Prompt Relay:面向多事件视频生成的推理时时间控制
阅读原文· arxiv.org视频扩散模型在生成多事件视频时存在时序控制不足和语义纠缠问题。Prompt Relay 是一种推理时即插即用的解决方法,无需修改模型架构或增加计算开销。该技术通过在交叉注意力机制中引入惩罚项,强制各时间段仅关注对应提示,使模型逐次呈现单一语义概念。该方法显著改善时间提示对齐,减少概念干扰,提升生成视频的视觉质量和叙事连贯性。
Video diffusion models have achieved remarkable progress in generating high-quality videos. However, these models struggle to represent the temporal succession of multiple events in real-world videos and lack explicit mechanisms to control when semantic concepts appear, how long they persist, and the order in which multiple events occur. Such control is especially important for movie-grade video synthesis, where coherent storytelling depends on precise timing, duration, and transitions between events. When using a single paragraph-style prompt to describe a sequence of complex events, models often exhibit semantic entanglement, where concepts intended for different moments in the video bleed into one another, resulting in poor text-video alignment.

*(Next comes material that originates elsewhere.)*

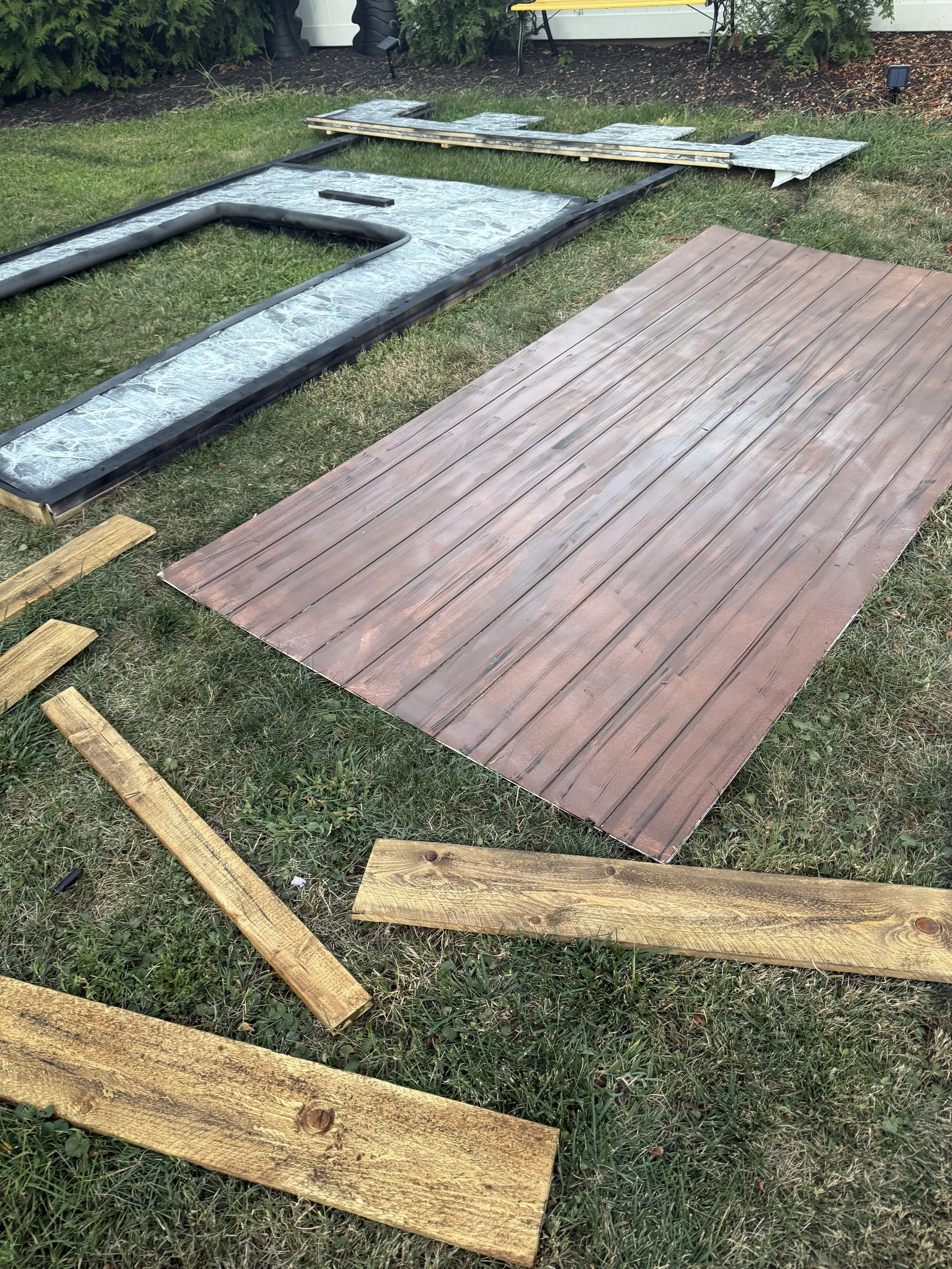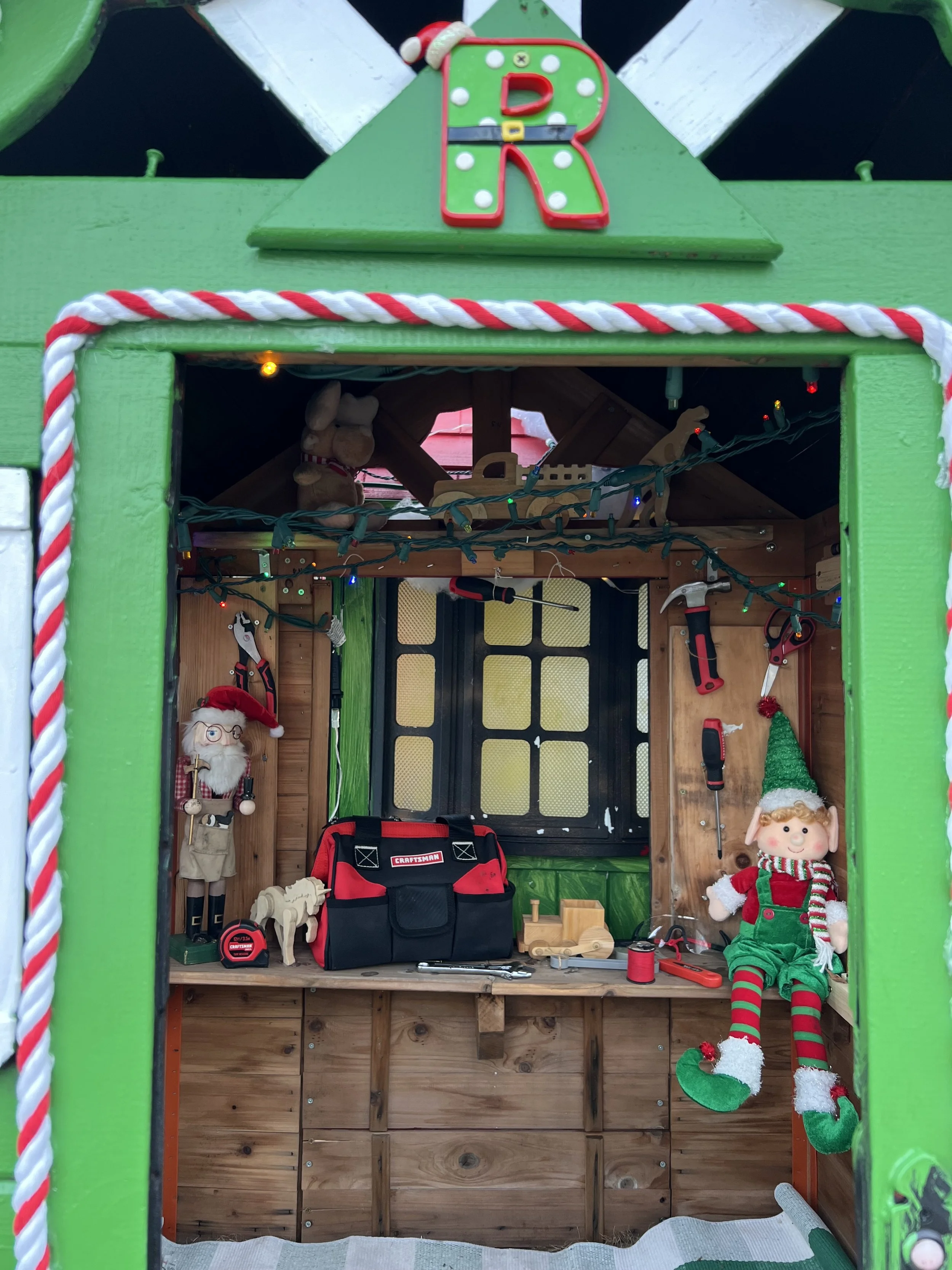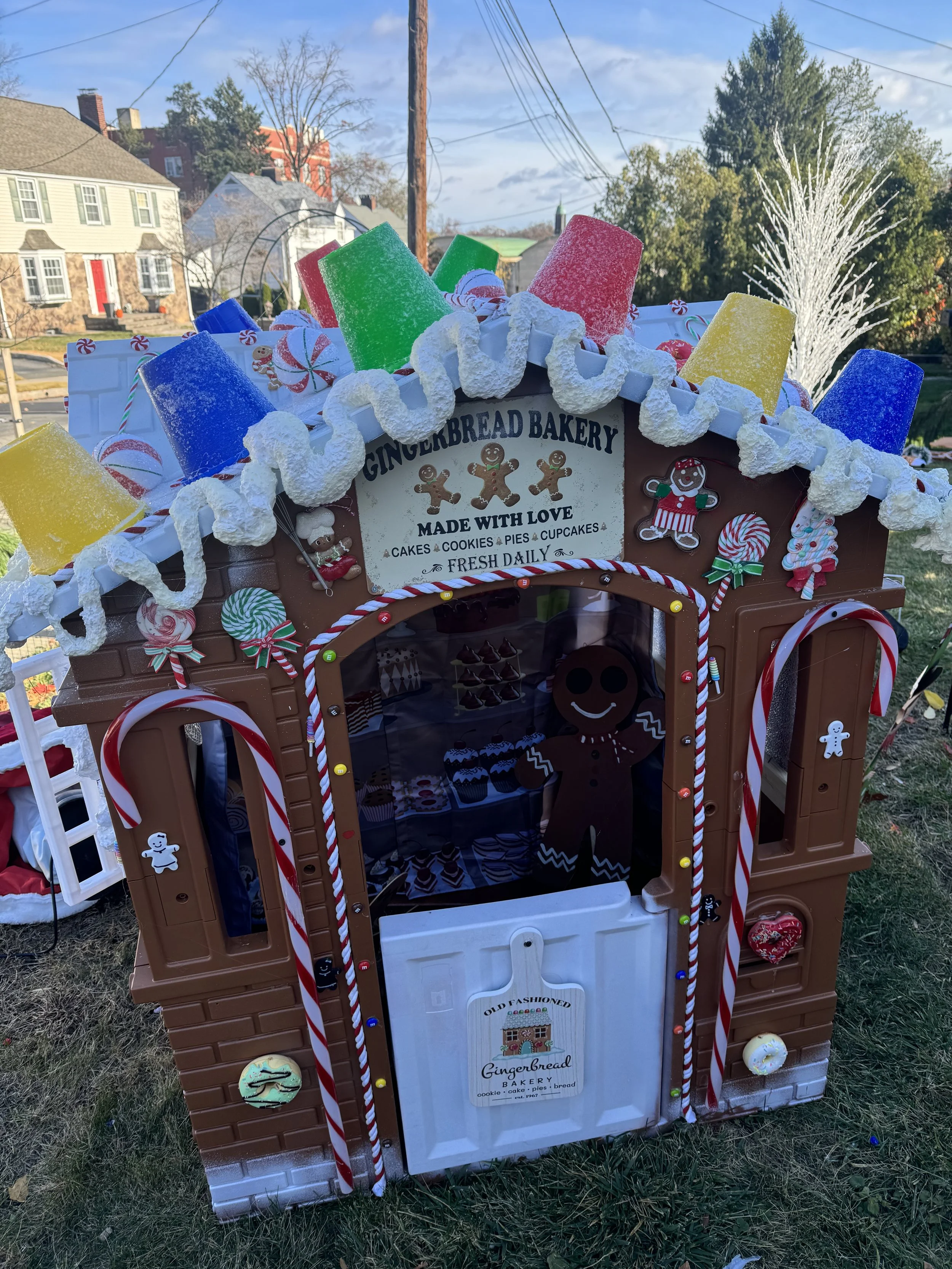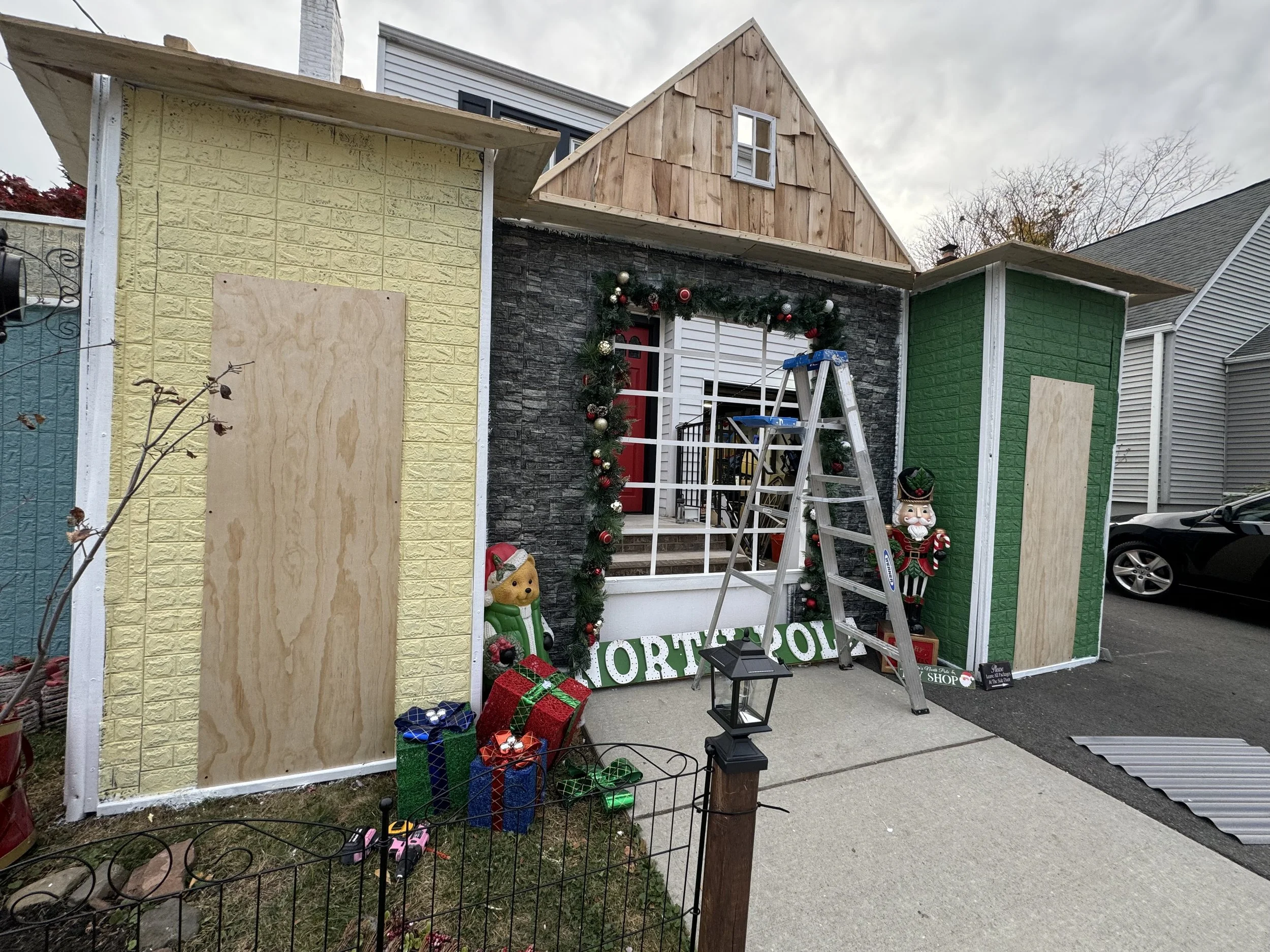 I started mostly using old playhouses. I would repaint them and decorate them and try to create a mini village in the yard. Kids loved that and it was a rather easy way to make props and repurpose our playhouses! I used the same playhouses year after year for many holidays! When we'd have a walk through display, the kids loved peaking inside them and checking out all the little details. Within the past year, I’ve gotten rid of many of them and try to mostly build more life size facades and props but I like to throw in a little playhouse here and there still! It’s so fun to decorate and paint them!

To address these limitations, we propose Prompt Relay, an inference-time, plug-and-play method to enable fine-grained temporal control in multi-event video generation, requiring no architectural modifications and no additional computational overhead. Prompt Relay introduces a penalty into the cross-attention mechanism, so that each temporal segment attends only to its assigned prompt, allowing the model to represent one semantic concept at a time and thereby improving temporal prompt alignment, reducing semantic interference, and enhancing visual quality.